Ariel P. UltraMicroscope II – A User Guide [Internet]. Chapel Hill (NC): University of North Carolina at Chapel Hill, University Libraries; 2018 Sep 20-.

Cover of UltraMicroscope II – A User Guide

UltraMicroscope II – A User Guide [Internet].

Show details

Chapter 11Data Transfer

Using the experience in the UNC Core as a case study

When acquiring large datasets, data transfer can be a rate-limiting step in the workflow, so it is beneficial to identify the potential problems, constraints and possible solutions.

11.1. Defining the problem

Transferring data is slow. “Slow” is anything that annoys users of the microscope. In the UNC Core, users get annoyed when:

  • Transferring data from an acquisition computer to an analysis workstation, network storage or external hard drive takes longer than 5 minutes.
  • The core charges them for usage on an instrument when they are just transferring data.

11.2. Defining other problems that the UNC Core cannot solve quickly, cheaply or at all

  • Long-term storage and backup of data.
  • Speed of internet cables and switches in the building and across campus.
  • Inability to access workstation visualization/analysis software from an individual lab.

11.3. Constraints

  • Writing directly to a network while acquiring a dataset is too risky. If there is any hiccup in the network, the acquisition could fail.
  • Data write speeds under good conditions are:
    • 10 Gb Ethernet: 500 Mb/s
    • 1 Gb Ethernet: 50-100 Mb/s
    • USB3: 50 Mb/s
  • Data write times are shown in Table 11.1.
  • A single image without cropping for the LaVision BioTec light sheet is around 10 Mbs. Multichannel stacks over 5 mm at 2.5 μm are common, so 20-60 Gbs are typical datasets. With tiling, this can rapidly scale to hundreds of GBs or even 1 TB+.
  • Typical labs have access to USB3 hard drives and 1 Gb Ethernet.
  • People want to do three things when they acquire data:
    • Visualize data
    • Analyze data
    • Store data somewhere accessible
  • The UNC Core cannot provide permanent storage of data.
  • The software to work with data is on a core workstation, not on the network nor on the acquisition PC.
  • When transferring data to/from acquisition or workstation computers, these computers cannot be used for other tasks without compromising performance.
Table 11.1 . Data write times for different amounts of data and transfer methods.

Table 11.1

Data write times for different amounts of data and transfer methods. Note that these are best-case values which are not always achieved in practice.
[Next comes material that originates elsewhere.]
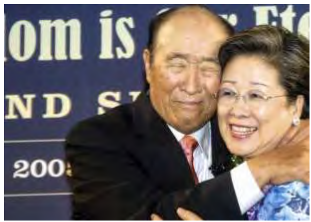
True Parents at the inauguration of the Universal Peace Federation on September 12, 2005

True Father established the Universal Peace Federation (UPF) on September 12, 2005, prior to the United Nations' 60th anniversary. Its inaugural convocation was held before 376 delegates from 157 nations at Lincoln Center's Alice Tully Hall in New York. Its mission, True Father declared, was "to renew the existing United Nations and provide a new level of leadership as an 'Abel-type' United Nations." As part of the launch, he also proposed a "World Peace King Bridge Tunnel" to "build a passage for transport across the Bering Strait." He described this as "a truly providential and revolutionary project" and envisioned it as a crucial "link" in "an international highway system connecting the world as a single community." UPF was a successor organization to the Interreligious and International Federation for World Peace (IIFWP, established in 1999). In addition to its UN renewal and Bering Strait initiatives, UPF led the movement's Middle East Peace Initiative (MEPI), which sponsored interfaith "Pilgrimages for Peace," and its Northeast Asia Peace Initiative (NEAPI), which supported Korean unification.

11.4. Narrowing the problem

There are two data transfers that need to take place:

  • From the acquisition computer to the analysis workstation.
  • From the analysis workstation out of the core, which could be the network (University IT, commercial cloud), or an external hard-drive.

The objective is to make those two steps as fast as possible.

11.5. Current configuration in the UNC Core

The transfer from acquisition to analysis workstation can be sped up by connecting those two steps via a 10 Gb Ethernet connection. We set this up by installing a second 10 Gb Ethernet card in each of those computers and hooking a direct cable between them (this can be up to around 100 m long). In addition, each of those computers also has their standard 1 Gb Ethernet card to access the internet and the University’s network. A more elegant alternative would be wiring the lab for 10 Gb Ethernet but this was too expensive and slow to get off the ground at UNC. The direct computer-to-computer 10 Gb connection solves the problem of the first transfer (from acquisition to workstation PC) for datasets up to 100 Gb, but not the second (from workstation to network or external hard drives). Transfer of TB-sized datasets are too slow, even with the 10 Gb connections (see below).

To further speed up data transfer, we have 3x2 TB SSDs in a RAID 0 array on the analysis workstation, which is the fastest configuration we could afford. How much faster this is than a single HD is something I don’t know exactly. In addition, RAID 0 is much riskier than other RAID configurations, because if a drive fails, the whole thing collapses. However, we went this route because we are not providing final storage, and resilience to failure is not as important as speed.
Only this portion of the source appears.